从该配置文件我们可以看到返回的wsgi应用程序是一个经过了多个中间件（比如cors healthcheck等等）包装的，只有最后一个rootapp不是中间件，该rootapp也可以看到其section类型是composite的，可以看到它会调用glance.api模块的root_app_factory函数：

def root_app_factory(loader, global_conf, **local_conf):
    if not CONF.enable_v1_api and '/v1' in local_conf:
        del local_conf['/v1']
    if not CONF.enable_v2_api and '/v2' in local_conf:
        del local_conf['/v2']
    return paste.urlmap.urlmap_factory(loader, global_conf, **local_conf)

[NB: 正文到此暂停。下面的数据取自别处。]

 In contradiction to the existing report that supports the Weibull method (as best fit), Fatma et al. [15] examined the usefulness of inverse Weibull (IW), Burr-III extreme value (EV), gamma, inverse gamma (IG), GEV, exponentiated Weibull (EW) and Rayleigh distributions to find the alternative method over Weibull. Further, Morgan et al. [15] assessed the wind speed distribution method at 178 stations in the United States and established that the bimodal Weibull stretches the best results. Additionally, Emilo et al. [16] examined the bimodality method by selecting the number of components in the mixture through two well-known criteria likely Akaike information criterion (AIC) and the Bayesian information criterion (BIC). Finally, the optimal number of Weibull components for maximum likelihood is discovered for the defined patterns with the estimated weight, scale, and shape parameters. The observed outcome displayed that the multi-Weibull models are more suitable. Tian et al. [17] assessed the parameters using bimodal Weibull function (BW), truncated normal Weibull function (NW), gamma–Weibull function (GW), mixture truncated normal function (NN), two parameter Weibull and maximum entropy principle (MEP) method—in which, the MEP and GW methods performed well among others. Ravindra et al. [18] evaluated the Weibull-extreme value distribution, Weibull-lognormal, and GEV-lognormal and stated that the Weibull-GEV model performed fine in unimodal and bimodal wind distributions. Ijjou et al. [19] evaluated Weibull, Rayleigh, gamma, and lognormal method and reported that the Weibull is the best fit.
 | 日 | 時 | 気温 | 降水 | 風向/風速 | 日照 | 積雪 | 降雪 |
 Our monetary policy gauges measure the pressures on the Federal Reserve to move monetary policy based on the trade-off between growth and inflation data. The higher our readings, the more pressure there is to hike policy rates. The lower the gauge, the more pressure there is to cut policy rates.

我们主要关注的是v2版本的，可以知道其对应的是glance.api.v2.router:API类：

class API(wsgi.Router):
    """WSGI router for Glance v2 API requests."""
    def __init__(self, mapper):
        custom_image_properties = images.load_custom_properties()
        reject_method_resource = wsgi.Resource(wsgi.RejectMethodController())

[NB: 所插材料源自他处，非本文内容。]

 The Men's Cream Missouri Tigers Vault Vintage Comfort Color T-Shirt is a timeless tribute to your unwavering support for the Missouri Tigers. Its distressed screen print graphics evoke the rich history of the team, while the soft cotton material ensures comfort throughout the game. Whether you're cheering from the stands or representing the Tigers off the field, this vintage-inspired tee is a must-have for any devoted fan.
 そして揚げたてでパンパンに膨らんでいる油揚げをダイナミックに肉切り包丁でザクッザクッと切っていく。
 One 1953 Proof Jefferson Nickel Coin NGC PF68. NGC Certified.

        schemas_resource = schemas.create_resource(custom_image_properties)
        mapper.connect('/schemas/image',
                       controller=schemas_resource,
                       action='image',
                       conditions={'method': ['GET']},
                       body_reject=True)
        mapper.connect('/schemas/image',
                       controller=reject_method_resource,
                       action='reject',
                       allowed_methods='GET')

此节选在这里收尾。